> **Task directions**
Lines from the one holding "A qualquer momento" through the end of the entries, inclusive, form the whole output; reproduce them exactly and omit pictures.

□ □ □

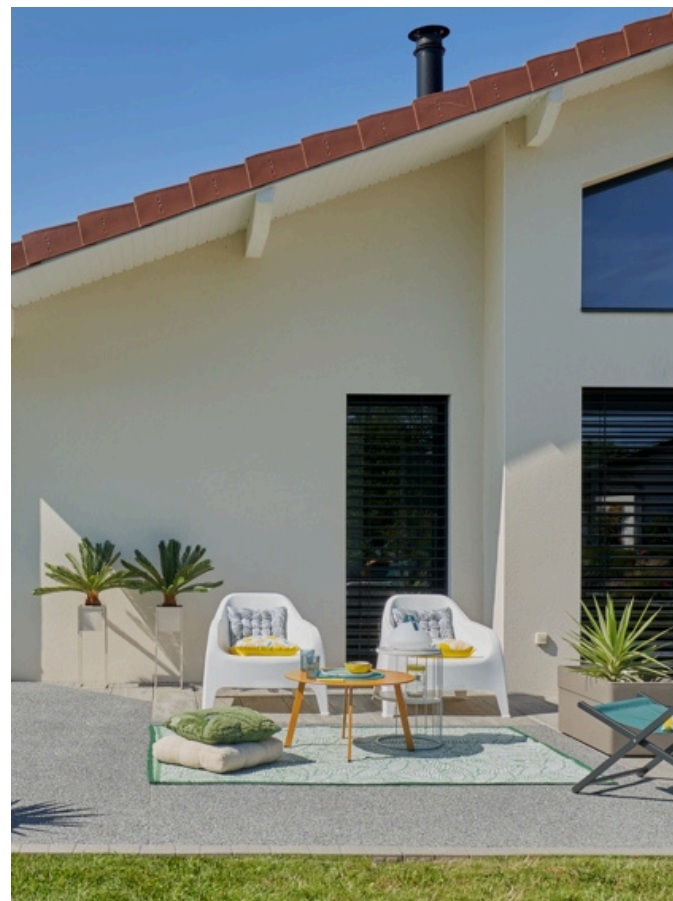
• Terrasse en Hydrostar gris et en dallage
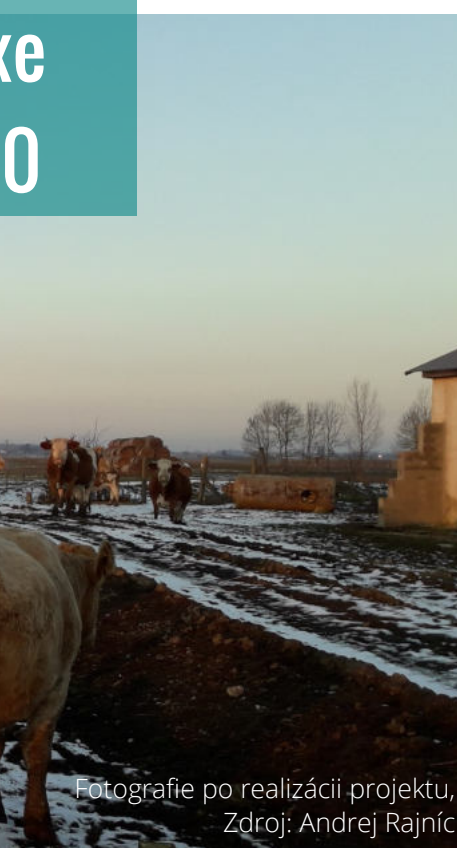
Fotografie po realizácii projektu, Zdroj: Andrej Rajnič
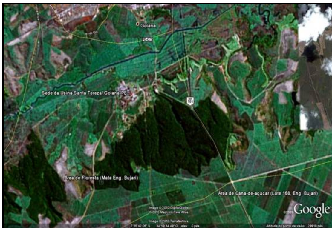
Anexo 1. Vista aérea da Usina Santa Teresa, Goiana, PE.
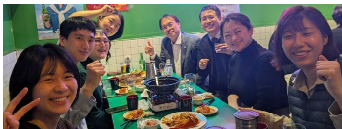
民弁との懇親会（3月25日(火) 23時ころ）

女性弁護士のうち1人は、5年前に弁護士になって、今年の1月に独立開業した（事務所に弁護士が7人いるけれども会計は独立で経費分担）ところ、弁護士としての一般的な仕事が全然なくて（ほとんどお客さんがいない）、民弁の活動とか、性暴力相談所で性暴力被害者のための活動（ほぼボランティア）ばかりしていて、今のところ経営が成り立っていないという、日本の弁護士からもよく聞くような話をしていました。韓国も、弁護士が急激に増えて、仕事の取り合いになっているようです。
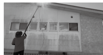
▲壁面クリーニング作業
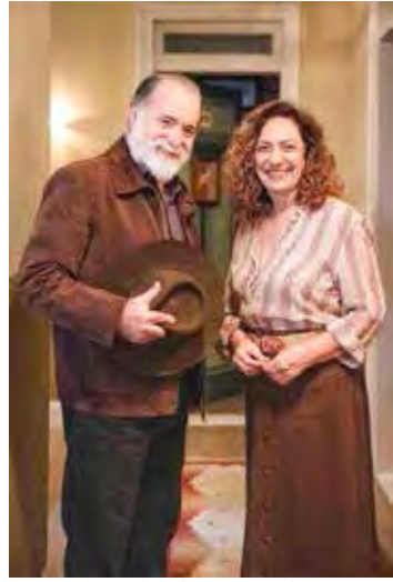
Tony Ramos e Eliane Giardini

A qualquer momento o SBT irá anunciar o novo responsável pelo
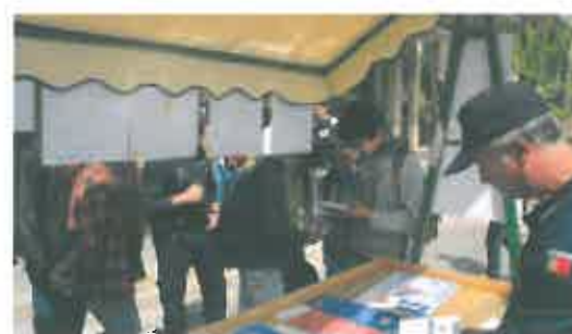
Imagem 8 e 9 – Imagens da Semana das Profissões no Agrupamento de Escolas de Mirandela

Prevê-se a realização, em parceria com o Projeto Escolhas, da 2ª edição da Semana das Profissões. Esta iniciativa, realizada também em 2014, tem como primeiro objetivo promover a definição de percursos de inserção e formação para os alunos que se encontrem em situação de conclusão ou abandono do sistema de ensino.
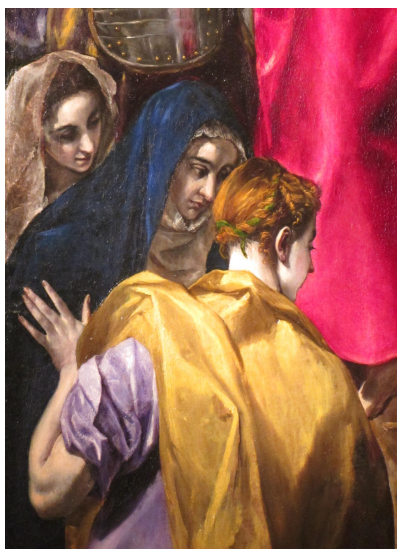
El Greco, Toledo/Spanien

Beim Kreuz Jesu standen aber seine Mutter und die Schwester seiner Mutter, Maria, die Tochter des Klopas, und Maria aus Magdala (Joh 19)
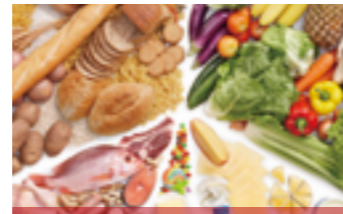
CHẾ BIẾN THỰC PHẨM
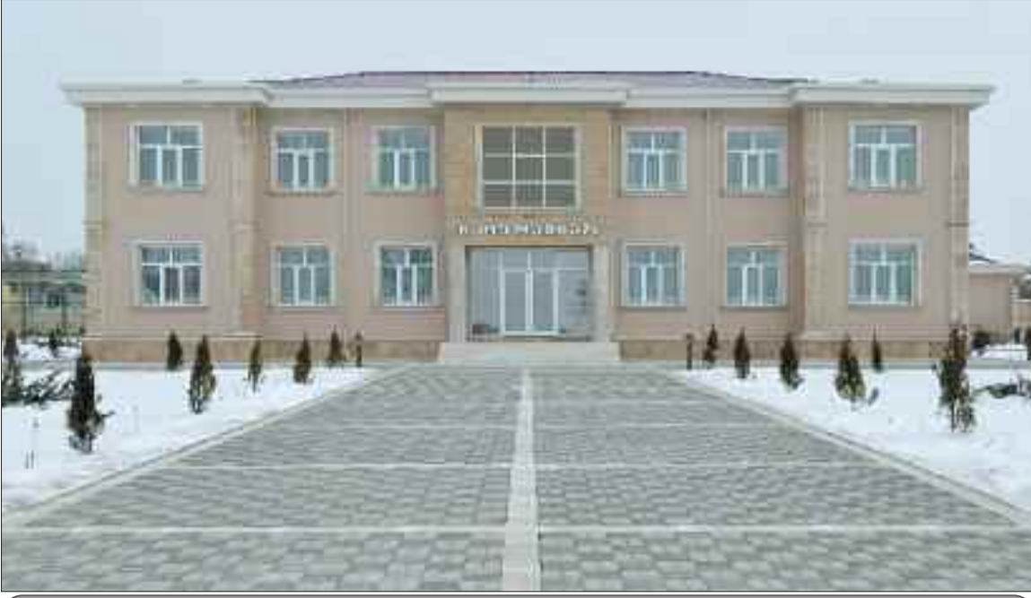
Naxçıvan şəhəri Tumbul Kənd Mərkəzi

□ □ □

> **Exercise answer**
A qualquer momento o SBT irá anunciar o novo responsável pelo
Imagem 8 e 9 – Imagens da Semana das Profissões no Agrupamento de Escolas de Mirandela

Prevê-se a realização, em parceria com o Projeto Escolhas, da 2ª edição da Semana das Profissões. Esta iniciativa, realizada também em 2014, tem como primeiro objetivo promover a definição de percursos de inserção e formação para os alunos que se encontrem em situação de conclusão ou abandono do sistema de ensino.
El Greco, Toledo/Spanien

Beim Kreuz Jesu standen aber seine Mutter und die Schwester seiner Mutter, Maria, die Tochter des Klopas, und Maria aus Magdala (Joh 19)
CHẾ BIẾN THỰC PHẨM
Naxçıvan şəhəri Tumbul Kənd Mərkəzi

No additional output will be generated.